[Given data Boundary: Start]
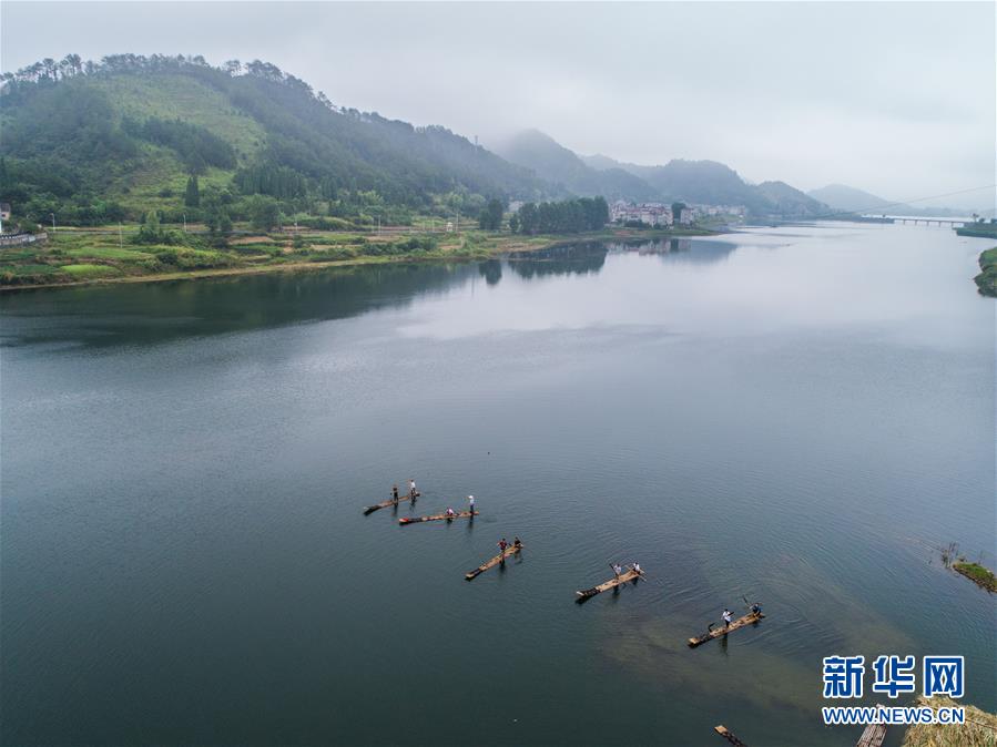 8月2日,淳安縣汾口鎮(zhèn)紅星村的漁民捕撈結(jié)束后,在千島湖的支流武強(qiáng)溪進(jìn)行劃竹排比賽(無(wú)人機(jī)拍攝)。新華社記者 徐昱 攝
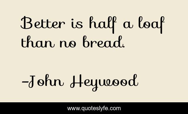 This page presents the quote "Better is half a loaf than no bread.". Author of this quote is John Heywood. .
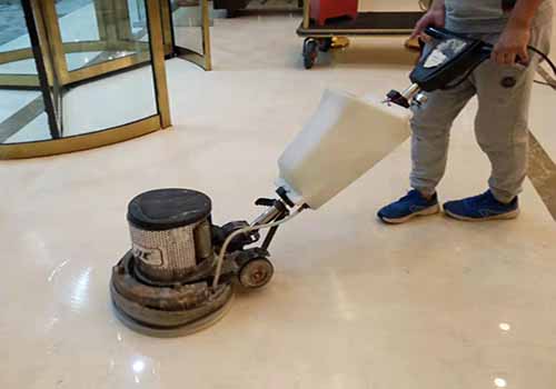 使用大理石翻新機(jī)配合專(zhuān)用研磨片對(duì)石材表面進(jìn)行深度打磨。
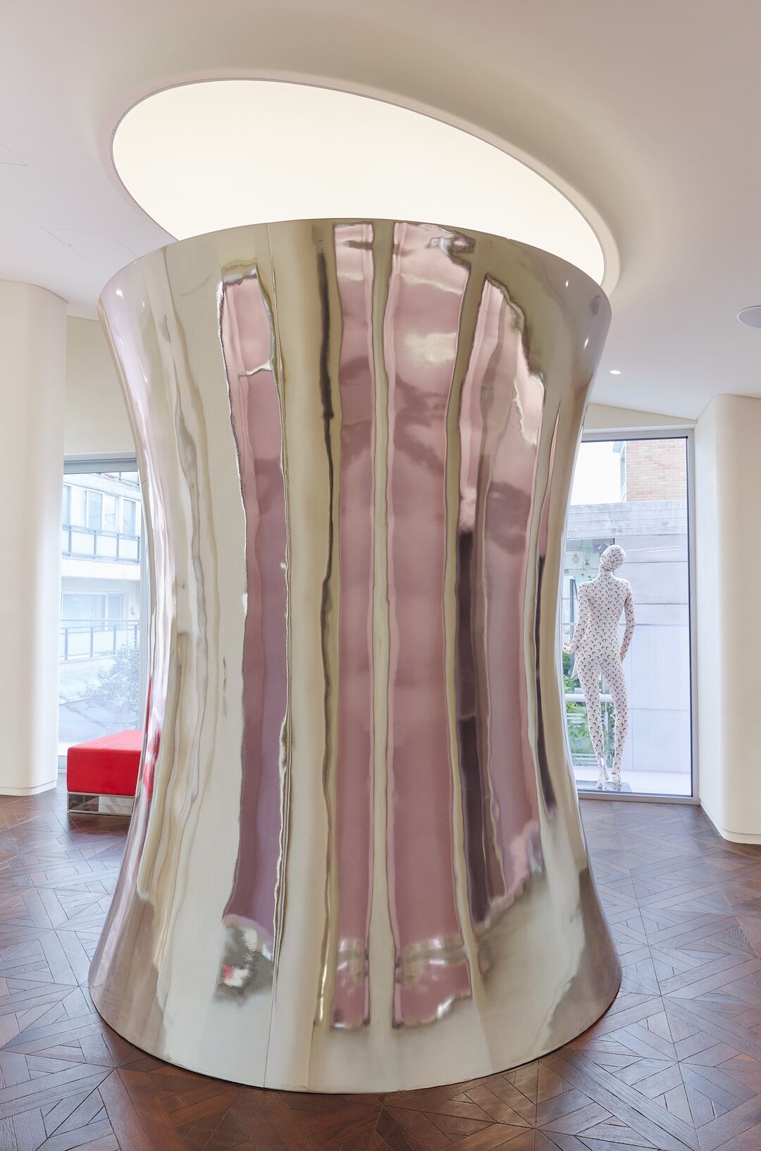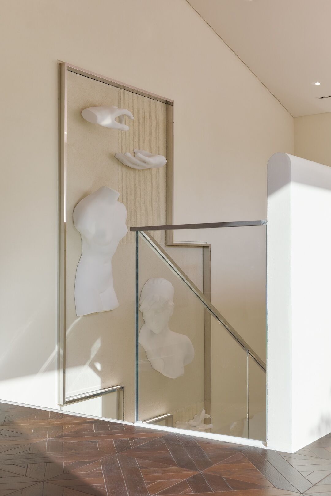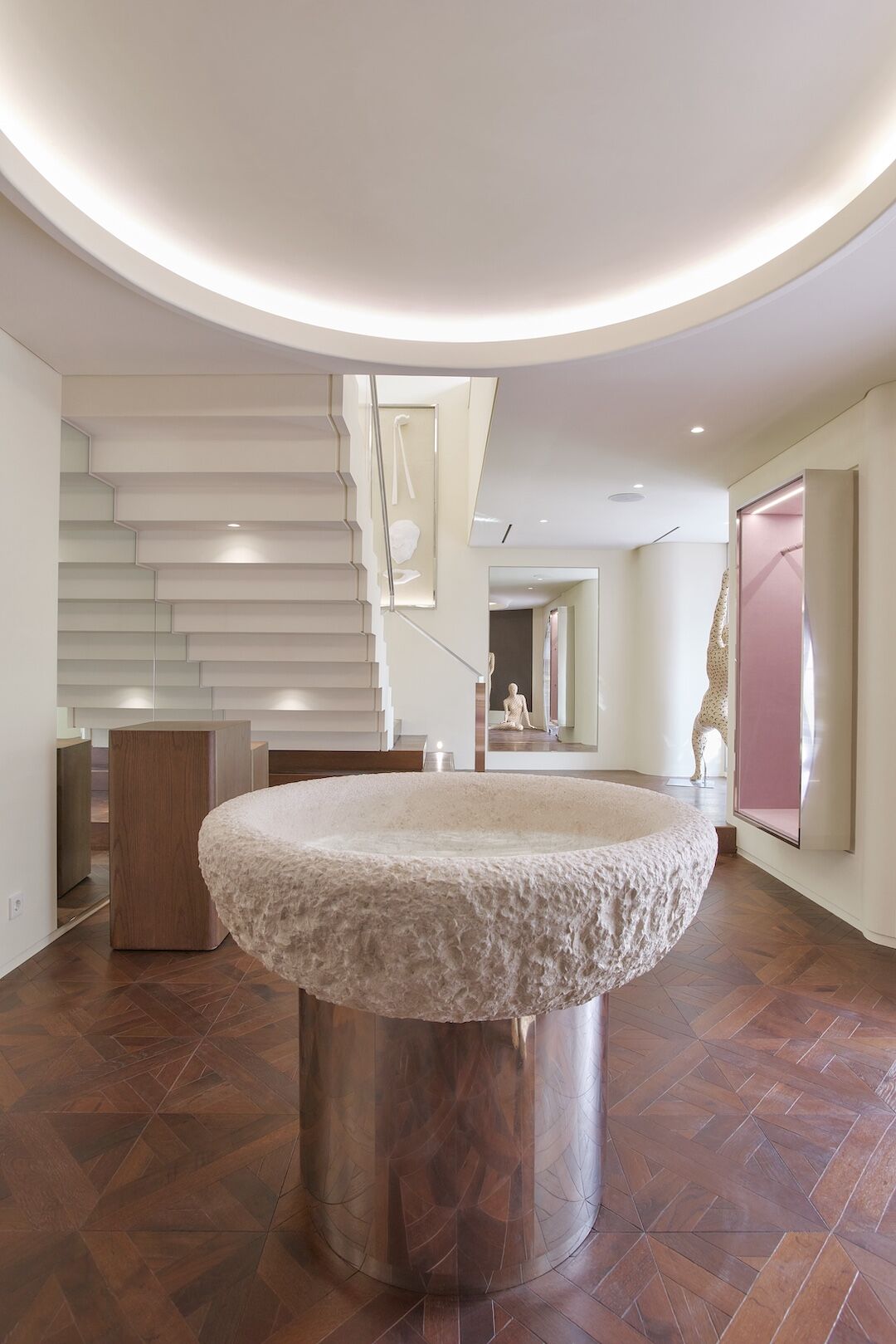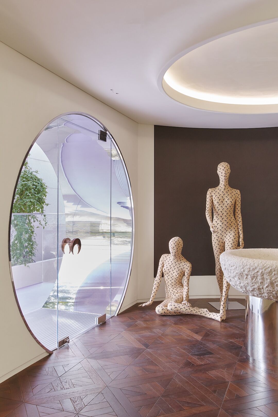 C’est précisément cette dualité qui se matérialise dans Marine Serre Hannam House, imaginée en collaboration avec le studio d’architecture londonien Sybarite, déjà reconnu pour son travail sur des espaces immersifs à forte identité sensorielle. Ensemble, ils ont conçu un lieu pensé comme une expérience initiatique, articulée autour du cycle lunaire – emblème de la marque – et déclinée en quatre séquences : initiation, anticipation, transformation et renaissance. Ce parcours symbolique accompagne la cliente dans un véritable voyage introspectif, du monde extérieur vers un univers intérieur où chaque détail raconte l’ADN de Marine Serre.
[Given data Boundary: End]
■ **Exercise directions**: Reproduce the listing verbatim, and keep the pictures out of the copy.

■ **Answer for this exercise**:
 8月2日,淳安縣汾口鎮(zhèn)紅星村的漁民捕撈結(jié)束后,在千島湖的支流武強(qiáng)溪進(jìn)行劃竹排比賽(無(wú)人機(jī)拍攝)。新華社記者 徐昱 攝
 This page presents the quote "Better is half a loaf than no bread.". Author of this quote is John Heywood. .
 使用大理石翻新機(jī)配合專(zhuān)用研磨片對(duì)石材表面進(jìn)行深度打磨。
 C’est précisément cette dualité qui se matérialise dans Marine Serre Hannam House, imaginée en collaboration avec le studio d’architecture londonien Sybarite, déjà reconnu pour son travail sur des espaces immersifs à forte identité sensorielle. Ensemble, ils ont conçu un lieu pensé comme une expérience initiatique, articulée autour du cycle lunaire – emblème de la marque – et déclinée en quatre séquences : initiation, anticipation, transformation et renaissance. Ce parcours symbolique accompagne la cliente dans un véritable voyage introspectif, du monde extérieur vers un univers intérieur où chaque détail raconte l’ADN de Marine Serre.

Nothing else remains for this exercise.